A retired gynaecologist aged 85 has become the first person to go on trial in Spain over a scandal said to have involved thousands of babies being taken from their parents over decades.
Eduardo Vela is accused of abducting Inés Madrigal from her mother in 1969 and giving her to another woman, in the final years of the Franco dictatorship.
He denied signing her birth certificate and did not remember the case.
Dozens of people stood outside the Madrid court appealing for justice.
Inés Madrigal, 49, arrived at the court surrounded by supporters in yellow T-shirts bearing the word “justice”.
“This is not just my case, it has gone beyond that. The whole world knows that in this country children were stolen,” she said.
However, she made clear she did not expect the trial to reveal who her real mother was.
If convicted Dr Vela could face 11 years in jail for illegal adoption and falsifying documents. He denies wrongdoing.
What is the ‘stolen babies’ case?
Campaigners have long highlighted a secret practice of baby abductions during the dictatorship of Gen Francisco Franco which ran from 1939 to 1975.
From the late thirties children would be taken from families deemed “undesirable”, often because they were identified by the ruling fascists as Republicans. They would then be handed to couples often with links to the regime.
In 2008 investigating judge Baltasar Garzón estimated that some 30,000 children had been stolen in the period after the 1936-39 Spanish civil war.
By the 1950s it is thought that organised criminal gangs had become involved in selling infants for adoption for profit.
In 2011 two men, who revealed they had been bought by their fathers, estimated many more adoptions in Spain between 1965 and 1990 involved children taken from their biological parents without consent.
Inés Madrigal says she was abducted in 1969.
The true number of abducted children may never be known.
No answers for victims
By James Badcock, Madrid
More than 100 people who gathered outside the courtroom had come in search of answers – information that could help them locate children or parents they believe were concealed from them by a large-scale baby-snatching network.
What they got in court was an old man, hunched in his seat, his eyes closing as if with extreme tiredness. Dr Vela said he remembered virtually nothing about his 20 years at the helm of the San Ramón clinic that has given rise to dozens of stolen baby claims.
“I didn’t give any baby to anyone,” the gynaecologist mumbled. He said he had no idea what happened to the clinic’s paperwork, which has vanished.
So much time has elapsed that the chances of a stolen baby finding their biological mother and vice versa is sadly remote.

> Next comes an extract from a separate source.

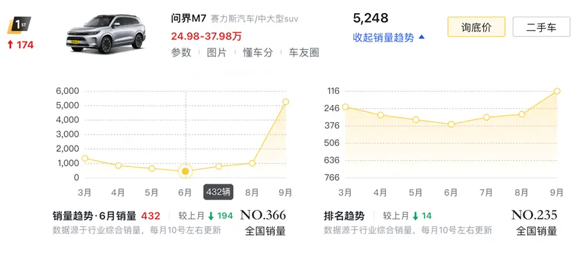 从盘桓于谷底到一飞冲天,余承东和问界汽车在过去半年的日子,过得相当戏剧化。在销量持续“半死不活”超过6个月后,问界M7随着新款大5座车型的发布迎来了起飞。在9月12日发布会后,当月交付量冲到了5248辆。

Only this week, with the spotlight back on the issue, have Spain’s main political parties promised to work together to improve victims’ access to archives, a shared DNA database and a more proactive judicial response.
Why is the Madrigal case so significant?
Hers is the only case to have gone to trial, despite thousands of other complaints being filed with the courts.
Last year, another woman was convicted of slandering a nun whom she accused of taking her from her biological mother in 1962 and handing her to an adoptive father who was a senior Franco figure.
Inés Madrigal was told by her adoptive mother that she had been adopted and, after finding out in 2010 about the emerging “stolen babies” scandal, looked into her own past.
Her adoptive mother, Inés Pérez, told a judge before she died in 2016 that Dr Vela had given her Ms Madrigal as a gift because she could not have children of her own.
Dr Vela has in the past admitted signing the birth certificate that stated Ms Pérez and her husband were the biological parents.
However, when presented with the signature on the document in court on Tuesday he responded with the words: “That is not mine.”